Expanding the Emotional Range of the Internet
Melissa Lafsky Wall, 35, posted an essay about a miscarriage on Modern Loss entitled, "The Silent Sorrow." Wall said, "The Internet should speak to the parts of life that we all experience, but aren't represented in most media, a large one being grief and loss."
The response to Modern Loss indicates to many people that upcoming generations are eager to find virtual spaces in which they may explore the pain that life can bring, as well as the pleasures.
These days one may find postings that seek to put the conversation about death and bereavement in a public forum. Sources include:
- YouTube
- Memorial sites
A good deal of the information shared is not for the faint of heart. Anonymous sites such as Whisper offer confession-style posts that can be quite graphic in nature.
Internet as Resource
Modern Loss is a curated combination of essays and advice. The founders are careful to keep the site profile from becoming either too flippant or too earnest. Both women acknowledge that humor is essential, however. Some of the very modern topics of discussion may be filed under theater of the absurd, such as how to get Google to quit suggesting you add a deceased person to your contact list.
Music and Mourning
Zoe Feldman experienced deep personal loss when a former girlfriend died in 2012. Feldman continues to process her grief through her site, Lisa Frank Mixtape. In return for essays about loss, Feldman gives the authors a homemade cassette tape of '90s music. Feldman said she sought several different ways to process her pain, but the thing that worked best was hearing stories from her peers about their grief.

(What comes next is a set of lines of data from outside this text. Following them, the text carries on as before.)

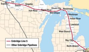 Snyder and his team are working on several fronts to finalize an agreement with Canadian oil transport giant Enbridge to replace the underwater segment of its Line 5, which carries about 23 million gallons (87 million liters) of oil and natural gas liquids daily between Superior, Wisconsin, and Sarnia, Ontario, traversing large sections of northern Michigan. A more than 4-mile-long (6.4-km) section, divided into two pipes, lies on the floor of the churning Straits of Mackinac.
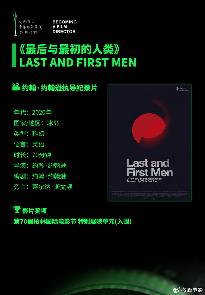 本次青葱计划“成为导演之前-电影的本来与未来”主题影展同样邀请到由蒂尔达·斯文顿担任旁白的《最后与最初的人类》作为开幕影片,该片由约翰·约翰逊(Jóhann Jóhannsson)执导,曾入围第70届柏林国际电影节特别展映单元。导演及主创团队用先锋的手法呈现了一种未来人类世界的景象,蕴含独特而丰富的美学和文化涵义。铁托时期南斯拉夫留下的巨大建筑“Spomeniks”,在黑白影像交织中,谱写出一曲关于人类未来的壮丽交响曲。
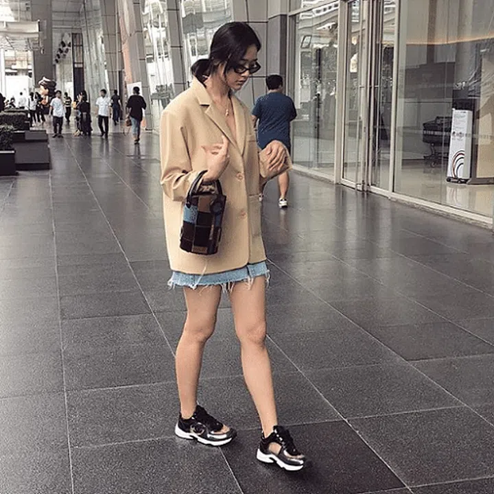 Not afraid to take fashion risks, Taiwanese actress Ouyang Nini has been rocking oversized “Dad” sneakers for quite some time. While many would use them to complete casual ensembles, Ouyang Nini has been pairing them with athleisure outfits, chic dresses and everything in between. To rock the trainers like Ouyang Nini, forget their bulky silhouette and treat them like you would with any other shoe.
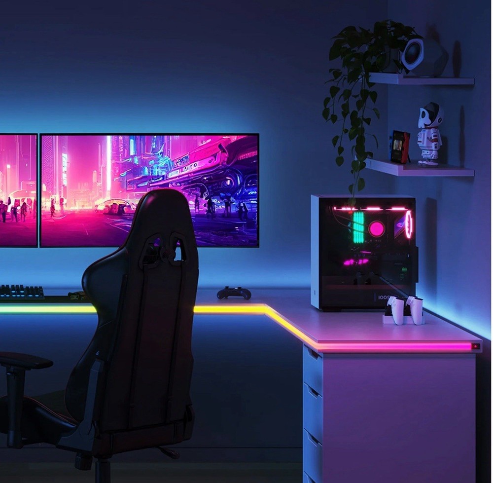 Take your gaming desk to the next level with the Govee Gaming Neon Rope Light. This light easily creates gorgeous lighting effects for more advanced game lighting. Segmented RGBIC Lighting: 42 controllable segments customize RGBIC lighting effects. Glare-free Diffusion: Diffused Glare-Free Game Lighting Unlike conventional RGB, Govee RGBIC Neon Rope Light produces a uniform luminous surface by utilizing back-facing LED emission, for seamless & glare-free game lighting. Cuttable: Can be cut on any of 12 specific cutting points and resized to ensure a perfect fit for most desks. AI Dreamview: Sync with Gaming Sync Box and Razer Chroma. Softer Neon Silicone Materials: More smooth and durable. Smart Activation: Simple voice commands via Alexa and Google Assistant.
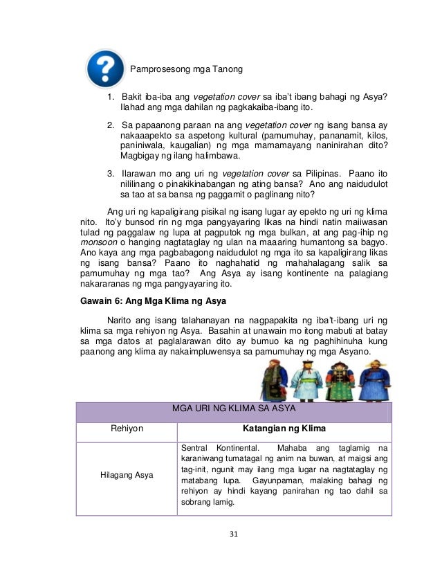 At kahit hindi pare-pareho ang kanilang relihiyon meron pa rin silang pinananaligan. Bakit hindi pare-pareho ang taglay na likas na yaman ng rehiyon sa Asya. Paano hinaharap ng mga Asyano ang pagkakaiba-iba ng taglay na likas na yaman sa bawat rehiyon sa Asya.

Feldman said, "One person wrote and said it's like being part of a weird, sad tribe."
Death Awareness
Caitlin Doughty, 29, is a mortician at a Los Angeles funeral home. She also oversees the website, The Order of the Good Death, which engages with subjects relating to mortality. She has a YouTube series, as well, entitled "Ask a Mortician," which has over one million visitors over the past four years. Doughty believes younger generations are willing to talk openly, or at least in a publicly accessible format, about tough subjects like death. Some people wish to underscore the difference, however, between sharing and showing off. One area of controversy is the idea of selfies at a funeral. "Selfies at Funerals " is an actual Tumblr site started by Jason Feifer, 33. Feifer said that while some of the pictures do indeed seem insensitive, others might be pointing toward an emerging method of mourning.
Evolving Social Mores in Social Media
A memorial post on a Facebook site may not be a precise swap for the solace of human contact, but the Internet may offer effective ways to communicate and process loss now and for generations to come. Essays and blogs can offer compassion and connection, and online memorials remain accessible always, from anywhere.